More

thesurlydev · 2026-01-30T19:23:00 1769800980

Can you share how you're running it?

eknkc · 2026-01-30T20:05:10 1769803510

I've been using it with opencode. You can either use your kimi code subscription (flat fee), moonshot.ai api key (per token) or openrouter to access it. OpenCode works beautifully with the model.

Edit: as a side note, I only installed opencode to try this model and I gotta say it is pretty good. Did not think it'd be as good as claude code but its just fine. Been using it with codex too.

Imustaskforhelp · 2026-01-30T20:20:04 1769804404

I tried to use opencode for kimi k2.5 too but recently they changed their pricing from 200 tool requests/5 hour to token based pricing.

I can only speak from the tool request based but for some reason anecdotally opencode took like 10 requests in like 3-4 minutes where Kimi cli took 2-3

So I personally like/stick with the kimi cli for kimi coding. I haven't tested it out again with OpenAI with teh new token based pricing but I do think that opencode might add more token issue.

Kimi Cli's pretty good too imo. You should check it out!

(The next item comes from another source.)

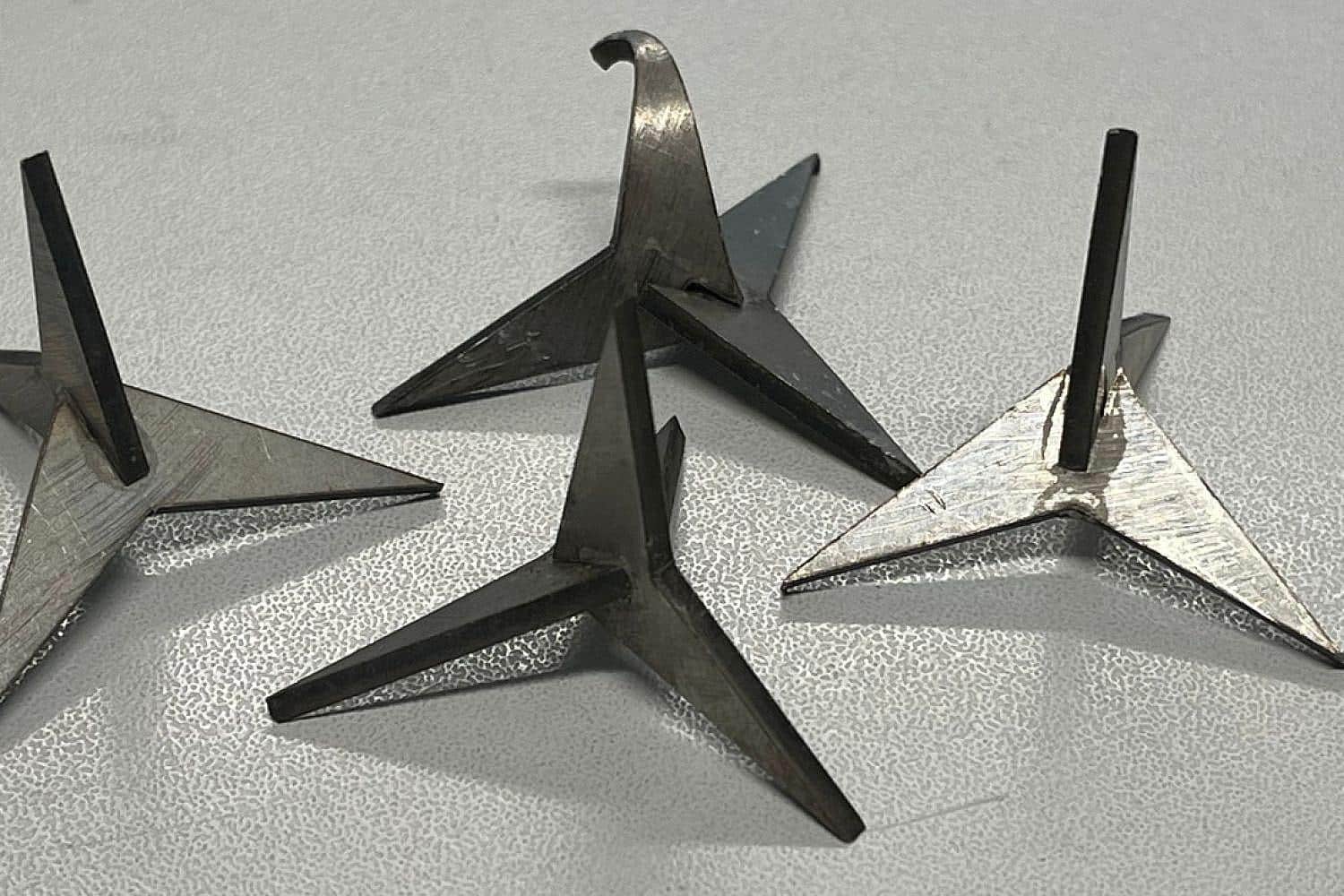 Die Metallstifte sind so geformt, dass sie mit einer Spitze nach oben liegen und Reifen durchstechen können.

https://github.com/MoonshotAI/kimi-cli

nl · 2026-01-30T23:17:40 1769815060

I like Kimi-cli but it does leak memory.

I was using it for multi-hour tasks scripted via an self-written orchestrator on a small VM and ended up switching away from it because it would run slower and slower over time.

zeroxfe · 2026-01-30T20:05:18 1769803518

Running it via https://platform.moonshot.ai -- using OpenCode. They have super cheap monthly plans at kimi.com too, but I'm not using it because I already have codex and claude monthly plans.

esafak · 2026-01-30T20:58:13 1769806693

Where? https://www.kimi.com/code starts at $19/month, which is same as the big boys.

UncleOxidant · 2026-01-30T20:26:22 1769804782

so there's a free plan at moonshot.ai that gives you some number of tokens without paying?

JumpCrisscross · 2026-01-31T00:33:01 1769819581

> Can you share how you're running it?

Not OP, but I've been running it through Kagi [1]. Their AI offering is probably the best-kept secret in the market.

[1] https://help.kagi.com/kagi/ai/assistant.html

deaux · 2026-01-31T04:26:38 1769833598

Doesn't list Kimi 2.5 and seems to be chat-only, not API, correct?

lejalv · 2026-01-31T13:26:41 1769866001

> Doesn't list Kimi 2.5 and seems to be chat-only, not API, correct?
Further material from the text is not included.